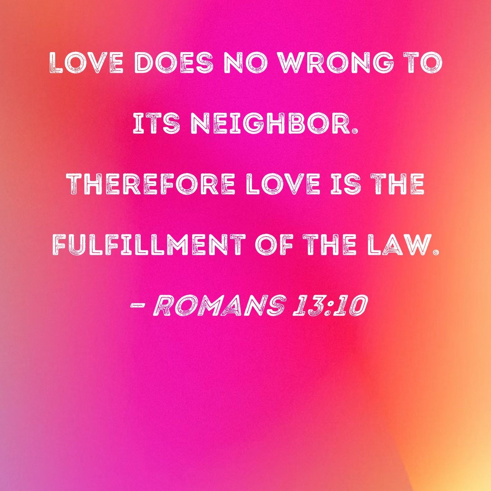 Romans 13:10 Love does no wrong to its neighbor. Therefore love is the fulfillment of the law.
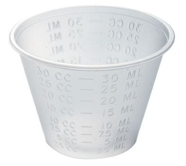 - Ensure precise medication administration with Medline's Plastic Disposable Graduated Medicine Cups. Each 1 oz cup is clearly marked with mL/cc graduations, allowing for accurate dosage measurements. Designed for single use, these medicine cups help maintain hygiene and reduce the risk of cross-contamination. Perfect for use in hospitals, clinics, and other healthcare settings, this pack of 10 provides a convenient and reliable solution for dispensing liquid medications.
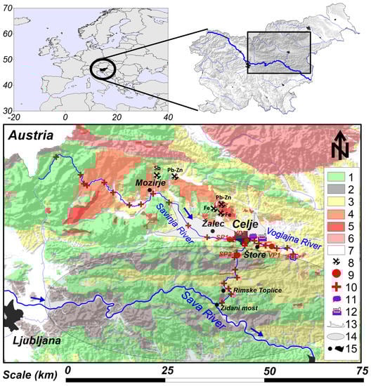 The Savinja river is a left tributary of the Sava river, which flows into the Danube river at Belgrade. Savinja originates in a glacial valley Logarska dolina in Kamniško-Savinjske Alps at an altitude of 1280 m.a.s.l. In the upper part, the river flows SE through mountainous landscapes composed mainly of carbonate formations of Triassic age, with the subordinate inserts of clastic rocks and volcanoclastites (andesite tuff, tuffite, volcanic breccia) [24]. Approximately 40 km from its spring, the river reaches the Celje basin lowlands at approx. 250–300 m.a.s.l. and starts flowing towards E for another 10 km. Sediments in the Celje basin are mainly of carbonate origin—gravel, sand, and silt. In the E part clays could be found. Savinja leaves the Celje basin at the town of Celje and turns south. In the next 20 km, it forms antecedent flow through Sava folds. Folding is perpendicular to the river course. The geological composition of Sava folds is very diverse: from Paleozoic clastic rocks and carbonates (Carboniferous, Permian age), Mesozoic carbonates (dolomite prevails), clastic rocks and tuffs, and Paleogene clastic rocks in the anticlines. Quartz containing keratophyre intrusions of Triassic age are also typical for this area [24]. Savinja flows into the Sava river at the town of Zidani most. The Savinja river catchment area covers 1864 km2. Its length is 107 km, and its drop is 750 m. Small-scale Sb–Pb–Zn-Fe mineral occurrences with small-scale historic mine developments (Zavrh, Železno, Lepa Njiva, Puharje and Galicija) are present in its catchment.
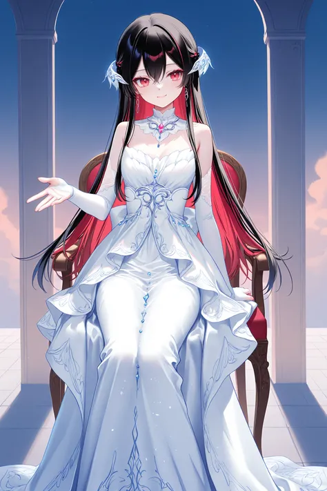 ren(def), 1girl, long hair, black hair, multicolored hair, red eyes, hair between eyes, red hair, colored inner hair,black serafuku, detached sleeves, red neckerchief,coat,thighhighs,
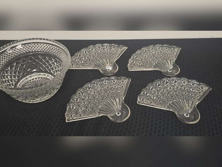 LOT 672 - Anchor Hocking Wexford bowl, 4 fan trays
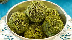 When the mixture had hardened, scoop out small spoonfuls and roll into bite sized balls. This can be a bit messy, but it is worth it. Finally roll the truffles in your chopped pistachio (use a mini chopper for the nuts if you have one), set them on a sheet of parchment and then pop them back in the fridge until you need them They will keep for several days there in an airtight container.
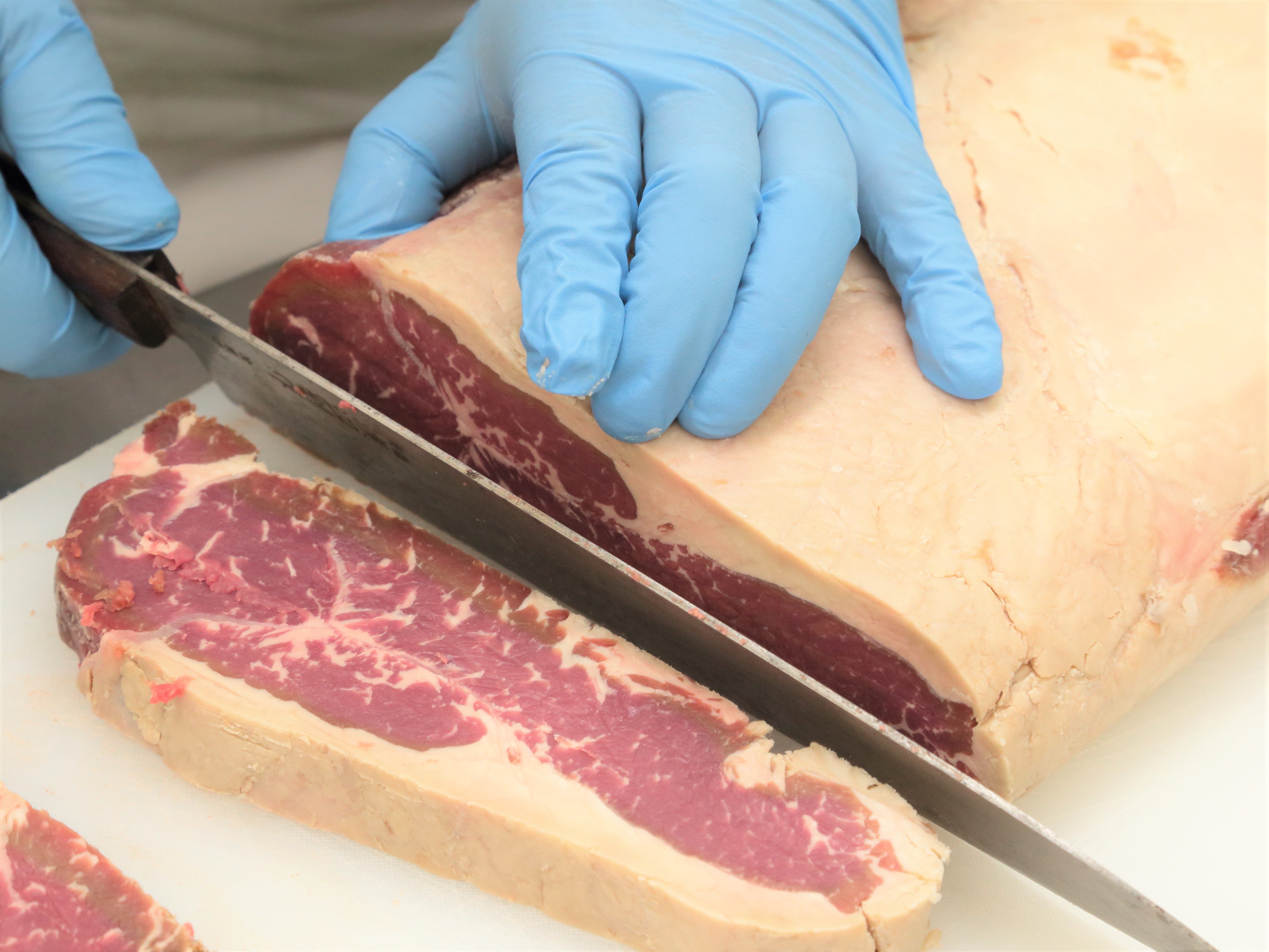20日以上冷蔵保管された牛肉の中から厳選した、おいしい牛肉ブロックを平均温度0℃・湿度99%の均一な同一条件下で240時間以上オープン予冷の管理保管(零度熟成)した牛肉を当社独自の熟成牛肉として調理します。

****************************************

**Exercise instructions**. From the first line to the last, write out the data exactly, omitting any pictures.

**Task solution**.
 Romans 13:10 Love does no wrong to its neighbor. Therefore love is the fulfillment of the law.
 - Ensure precise medication administration with Medline's Plastic Disposable Graduated Medicine Cups. Each 1 oz cup is clearly marked with mL/cc graduations, allowing for accurate dosage measurements. Designed for single use, these medicine cups help maintain hygiene and reduce the risk of cross-contamination. Perfect for use in hospitals, clinics, and other healthcare settings, this pack of 10 provides a convenient and reliable solution for dispensing liquid medications.
 The Savinja river is a left tributary of the Sava river, which flows into the Danube river at Belgrade. Savinja originates in a glacial valley Logarska dolina in Kamniško-Savinjske Alps at an altitude of 1280 m.a.s.l. In the upper part, the river flows SE through mountainous landscapes composed mainly of carbonate formations of Triassic age, with the subordinate inserts of clastic rocks and volcanoclastites (andesite tuff, tuffite, volcanic breccia) [24]. Approximately 40 km from its spring, the river reaches the Celje basin lowlands at approx. 250–300 m.a.s.l. and starts flowing towards E for another 10 km. Sediments in the Celje basin are mainly of carbonate origin—gravel, sand, and silt. In the E part clays could be found. Savinja leaves the Celje basin at the town of Celje and turns south. In the next 20 km, it forms antecedent flow through Sava folds. Folding is perpendicular to the river course. The geological composition of Sava folds is very diverse: from Paleozoic clastic rocks and carbonates (Carboniferous, Permian age), Mesozoic carbonates (dolomite prevails), clastic rocks and tuffs, and Paleogene clastic rocks in the anticlines. Quartz containing keratophyre intrusions of Triassic age are also typical for this area [24]. Savinja flows into the Sava river at the town of Zidani most. The Savinja river catchment area covers 1864 km2. Its length is 107 km, and its drop is 750 m. Small-scale Sb–Pb–Zn-Fe mineral occurrences with small-scale historic mine developments (Zavrh, Železno, Lepa Njiva, Puharje and Galicija) are present in its catchment.
 ren(def), 1girl, long hair, black hair, multicolored hair, red eyes, hair between eyes, red hair, colored inner hair,black serafuku, detached sleeves, red neckerchief,coat,thighhighs,
 LOT 672 - Anchor Hocking Wexford bowl, 4 fan trays
 When the mixture had hardened, scoop out small spoonfuls and roll into bite sized balls. This can be a bit messy, but it is worth it. Finally roll the truffles in your chopped pistachio (use a mini chopper for the nuts if you have one), set them on a sheet of parchment and then pop them back in the fridge until you need them They will keep for several days there in an airtight container.
20日以上冷蔵保管された牛肉の中から厳選した、おいしい牛肉ブロックを平均温度0℃・湿度99%の均一な同一条件下で240時間以上オープン予冷の管理保管(零度熟成)した牛肉を当社独自の熟成牛肉として調理します。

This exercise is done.